Orthotopic liver transplantation (OLT) has been shown to be an effective treatment of hepatocellular carcinoma (HCC) in certain stages. 1 However, in patients with advanced tumors, the oncologic outcome after surgery is disappointing. 2 In early stages OLT seems to be the treatment of choice, especially in patients with cirrhosis. 1,2 In the light of limited donor resources, resection still is important. Palliative procedures such as chemoembolization, cryotherapy, thermoablation, and ethanol injection are frequently used in advanced disease 3–5 because the surgical death rate is enhanced in these situations. 2 Above all, adequate patient selection based on accurate staging is a crucial precondition for an appropriate treatment decision.
In terms of preoperative staging, multiphasic helical computed tomography (HCT) has become the standard tool for the detection of nodular lesions in liver cirrhosis. 6,7 Most radiologic studies dealing with the value of several staging modalities based their gold standard either on intraoperative examination and the findings after partial resection or on follow-up studies with or without biopsy confirmation. 8–12 Besides detection of hepatic metastases, intraoperative ultrasound (IOUS) evolved into an indispensable tool in hepatic resection or intraoperative intervention for HCC. 13–16 Due to the lack of a more precise method, the diagnostic value of IOUS was frequently assessed by examination of resected liver segments or by follow-up studies of the liver remnant after hepatic resection. 17–19 Radiologic studies on liver imaging in patients scheduled for OLT are rare and generally are limited by a long interval between imaging and OLT. 20–24
To our knowledge, until now there has been no report dealing with the evaluation of triphasic HCT performed within 3 weeks before OLT and IOUS in staging HCC in transplant patients.
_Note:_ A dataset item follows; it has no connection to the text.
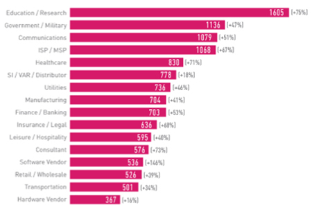 L’éducation et la recherche ont été les secteurs les plus ciblés, puisque les organisations se sont retrouvées confrontées à une moyenne de 1 605 attaques hebdomadaires.
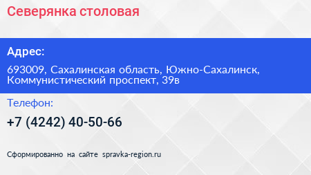 Северянка, столовая по адресу 693009, Сахалинская область, Южно-Сахалинск, Коммунистический проспект, 39в в дальнейшем Организация, размещена в следующих категориях:

The present study is an attempt to reveal the true value of multiphasic HCT and IOUS of the liver in patients with HCC in cirrhosis. Lesion-by-lesion analysis and segment-by-segment analysis were performed to evaluate sensitivity, specificity, predictive value of a positive value, and predictive value of a negative result as well as the overall accuracy of these methods.
METHODS
Between October 1998 and January 2000, 23 patients (3 women, 20 men; age range 35.8–67.8 years; mean age 57.2 years) consecutively underwent hepatectomy and liver transplantation for HCC at a single university center. In all except one patient with hemophilia, HCC was confirmed before surgery by percutaneous biopsy. Patients were scheduled for OLT only when extrahepatic tumor manifestation was excluded. Triphasic HCT of the liver was routinely performed 2 to 12 hours before OLT to exclude advanced disease. During surgery, the liver was scanned by ultrasound imaging before hepatectomy. Pathologic examination followed the day after OLT. The data were collected prospectively.
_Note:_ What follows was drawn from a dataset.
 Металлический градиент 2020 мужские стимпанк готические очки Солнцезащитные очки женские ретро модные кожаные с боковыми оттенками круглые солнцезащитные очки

HCT examinations were performed on a Somatom Plus 4 scanner (Siemens, Erlangen, Germany) with a collimation of 5 mm at a table feed of 7.5 mm/s and breath command (rec. increment 4 mm). The helical liver scans were obtained before intravenous administration of 150 mL of the nonionic contrast material Jopamidol (Ultravist 300 mg/mL; Schering, Berlin, Germany) (flow 5 mL/s, bolus-triggered), at the arterial phase (20 seconds after injection of the contrast agent) and at the portal venous phase (50 seconds after injection). Generally the examination was performed between patient admission and OLT. In five instances prior scans (performed <3 weeks before surgery) were evaluated because immediate preoperative scanning was not available. HCT scans were interpreted separately by two experienced independent radiologists (R.P., P.P.) who were unaware of the histopathologic results.
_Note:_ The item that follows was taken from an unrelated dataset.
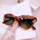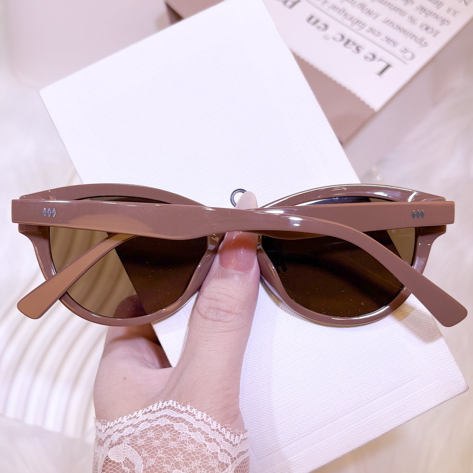 This elegantly sculpted cat-eye sunglasses for women are crafted in warm tones of russet and coffee. The frame, made from lightweight TR material, embraces a minimalist design that allows the rich, sun-kissed color gradient to take center stage. A perfect choice for those who seek eyewear that blends vintage inspiration with modern, understated luxury.

All patients underwent IOUS with a B&K Panther 2002 ADI unit (B&K Medical, Gentofte, Denmark). For real-time B-mode scanning, usually 5-MHz curved-array probes or linear probes with 5 or 7.5 MHz were used as appropriate (B&K Medical). After a right subcostal incision with extension to the left or to the xiphoid, dissection of the falciform and coronary ligament, and surgical exploration, livers were scanned in longitudinal and axial orientation. The two surgeons who performed IOUS (J.Z., C.S.) were not aware of the results of preoperative examination.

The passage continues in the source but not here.